Guardare le biomolecole per scoprirne la funzione
Conoscere la struttura tridimensionale delle biomolecole è il lasciapassare per capire la loro funzione. Questo è vero soprattutto nel caso delle proteine, la cui conformazione 3D è spesso un indizio della loro capacità di interagire con altre proteine o con il DNA, della loro localizzazione all’interno della membrana oppure della capacità di catalizzare reazioni enzimatiche. Questo tipo di indagine è però molto difficile: non solo per le dimensioni delle molecole, dell’ordine dei nanometri, ma anche per la delicatezza con cui i campioni devono essere preparati per evitare artefatti.La lunga strada verso l'imaging 3D delle molecole della vita
Deluso dalla scarsa flessibilità della cristallografia ai raggi-X, Richard Henderson fu tra i primi a testare l’uso del microscopio elettronico per lo studio di una proteina di membrana e nel 1975 pubblicò la ricostruzione della struttura della batteriorodopsina. Un’immagine notevole per quei tempi, ma ancora troppo acerba per svelare la struttura nei minimi dettagli. Nel frattempo, dall’altra parte dell’oceano Joachim Frank stava lavorando da anni a un sistema per ricostruire la struttura 3D di una molecola partendo dalle immagini bidimensionali al microscopio. Dopo anni di tentativi, Frank riuscì a mettere a punto un sistema computazionale in grado di farlo: le prime basi della microscopia crioelettronica erano state poste. I problemi tecnici di lavorazione dei campioni però erano tutt'altro che risolti. E qui entra in gioco Jacques Dubochet che alla fine degli anni Settanta trovò il modo per evitare che i campioni biologici venissero danneggiati quando esposti al vuoto del microscopio elettronico. La soluzione era raffreddare i campioni in modo così veloce da far assumere all'acqua uno stato vetroso. La vitrificazione permetteva di risolvere due problemi: innanzitutto, evitava la formazione di cristalli di ghiaccio, deleteri per le cellule e i tessuti; in secondo luogo, consentiva al fascio di elettroni di attraversare il campione senza intralci e quindi senza creare artefatti difficili da interpretare. Nel 1984, Jacques Dubochet pubblicò finalmente le prime immagini delle sue scoperte: un’affascinante fotografia di diversi virus, la cui forma rotondeggiante o esagonale era ben visibile sullo sfondo uniforme e pulito dell’acqua vitrificata. Da quel momento Dubochet è diventato un punto di riferimento per la microscopia crioelettronica, detta anche cry-EM.
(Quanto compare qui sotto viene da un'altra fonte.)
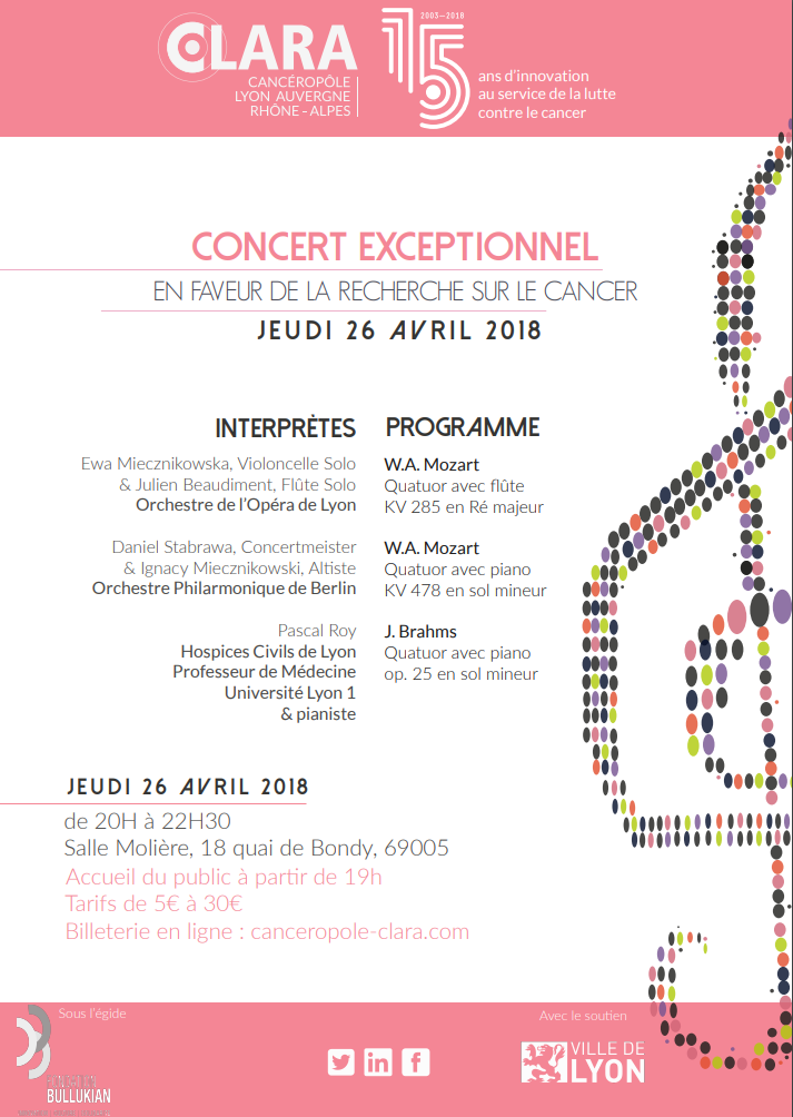 Soutenez la recherche sur le cancer ! Le Cancérop?le Lyon Auvergne-Rh?ne-Alpes (CLARA) organise le jeudi 26 avril un concert caritatif de musique classique dont les fonds collectés seront entièrement dédiés à la recherche sur le cancer.

Alcune delle proteine di cui la microscopia crioelettronica ha permesso di identificare la struttura: (a) uno dei complessi proteici che regola il ritmo circadiano, (b) un sensore di pressione dell'apparato uditivo, (c) il virus Zika (Immagine: Nobelprize.org).
Indagini biochimiche a tempo di record
Le ricadute pratiche più importanti della cry-EM sono oggi sotto gli occhi di tutta la comunità scientifica: aumentare la qualità dell’imaging molecolare permette infatti di accelerare i tempi delle indagini biochimiche e di indirizzare la ricerca verso gli obiettivi più promettenti. Un esempio di queste applicazioni arriva dal virus Zika, che nel 2016 ha causato in Brasile una grave epidemia di encefalopatia nei neonati. Appena pochi mesi dopo l'aggravarsi dell'epidemia, grazie alla microscopia crioelettronica i ricercatori hanno ricostruito in dettaglio la struttura 3D del virus Zika e hanno identificato a tempo di record i bersagli molecolari da colpire con nuovi farmaci.
Per chi volesse sapere qualcosa di più sulle tappe che hanno portato allo sviluppo della microscopia crioelettronica, sul sito Nobelprize.org è disponibile un file di approfondimento, scaricabile liberamente da questo link.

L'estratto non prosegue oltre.